In contrast, 2.88 million more African Americans, 1.52 million more Latinos, 67,000 more Asian Americans and 1.32 million members of other minorities, voted this fall compared to four years ago. That is 1.18 million fewer white voters and 6.96 million more minority voters.
And there are reasons for this: the first black presidential candidate (in the general election, at least), a comparatively young candidate with a biography that appealed to liberals, an electorate weary of the GWB administration and the Republican establishment more generally but not yet re-energized by the Tea Party.
Now the bloom is off the rose for Obama—liberals have found reasons to still like him, but also lots of reasons not to. My instinct is that both minority and white votes will regress; there may be a new plateau, but I don't think it's exactly 2008 levels, and it's unlikely that it's higher. Demographic changes favor Obama, but I don't know that it's enough to offset a second-term run after a difficult first term, and the polling and forecasts seem to reflect that.

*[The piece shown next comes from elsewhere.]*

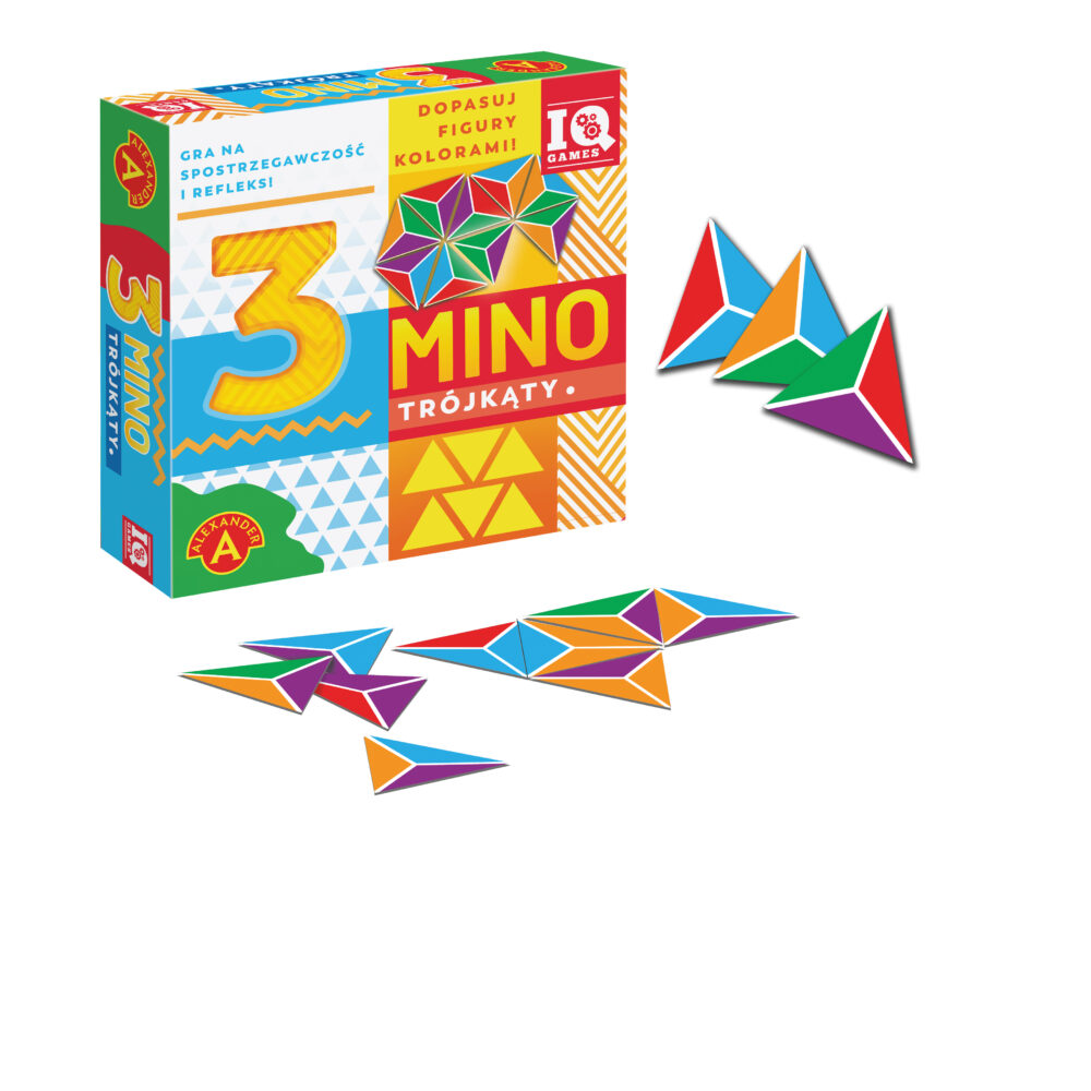 Nowa propozycja z lubianej przez wszystkich miłośników łamigłówek serii IQ Games przypadnie do gustu graczom, którzy lubią dynamiczną rozgrywkę. 3-Mino to świetny trening spostrzegawczości i refleksu. Rozgrywka rozpoczyna się od ułożenia na środku stołu figury w kształcie trójkąta. Zadaniem uczestników jest jak najszybsze dopasowanie kolorowych trójkątów z własnych zasobów, tak, aby stykały się z już ułożonymi na stole krawędziami i takimi samymi kolorami. Znakomitym urozmaiceniem są dwa poziomy trudności, które pozwolą na satysfakcjonująca zabawę początkującym, jak i bardziej zaawansowanym. Natomiast wybór spośród dwóch wariantów gry pozwala uporządkować rozgrywkę na 10-sekundowe tury jednego gracza lub postawić na większy chaos i układanie trójkątów jednocześnie przez wszystkich rywali.

The other issue to consider is voting laws in swing states. Take Ohio:
Ohio doesn’t treat all voters the same. Depending on where you live, your polling place may close promptly 5 p.m., or stay open in the evenings and on weekends. More specifically, if you live in a county likely to favor President Obama, you’ll have to get to the polls before the end of the traditional work day; if you live in a county likely to swing Republican, you can take your time.
After immense pressure, Ohio's secretary of state has said he'll establish uniform voting hours, but it hasn't happened yet. And it's not the only voting issue in Ohio. The Obama campaign has filed suit against the state for cutting early voting for all but Ohioans overseas and active military members.

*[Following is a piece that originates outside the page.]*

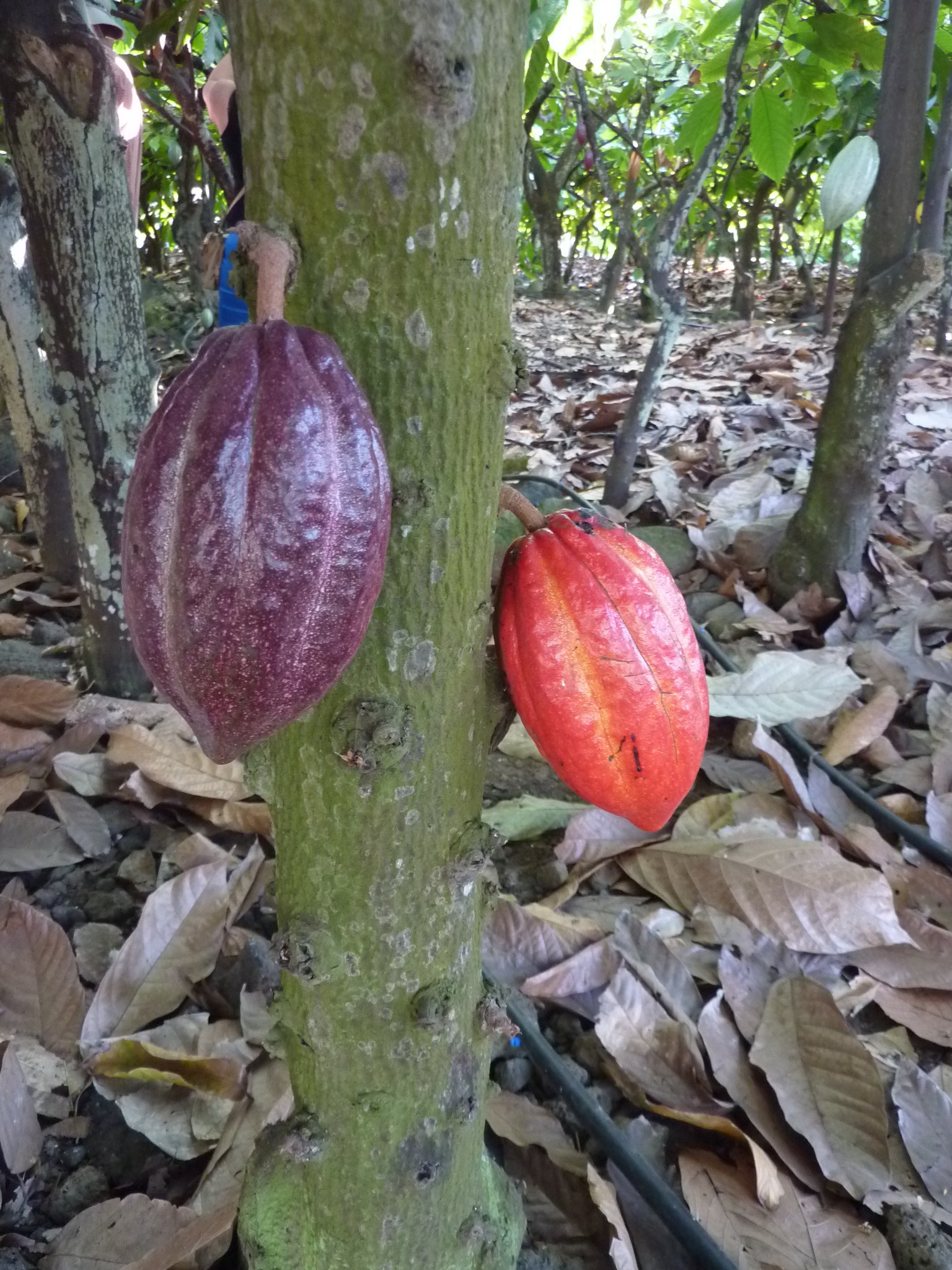 They come in different colors, but they all make chocolate. Inside the pod, the beans are covered with a white sticky substance. Geckos find it delicious.

Nate Silver predicts that Ohio is the most likely state to provide the decisive electoral vote: almost a 30 percent chance. Wisconsin is the fourth-most-likely state; it's embroiled in a voter ID controversy, though after two court defeats it probably won't take effect in 2012. Pennsylvania is fifth, and its voter ID law hasn't been blocked, despite greater controversy:
About a week ago, Republican Mike Turzai, Pennsylvania's House Majority Leader, made a startling confession. Boasting about the state's new voter-ID law, which was ostensibly about the integrity of the electoral process, Turzai bragged that the law "is gonna allow Governor Romney to win the state of Pennsylvania."
Implementation has also been a mess, with the state scrambling to figure out how many voters it will effect.
Bouie's absolutely right to focus on minority and senior turnout, I'm just unsure they will break in the way he thinks. A Brookings report puts it in perspective:
My guess is that the most likely scenario is somewhere between B and C—an extremely tight race.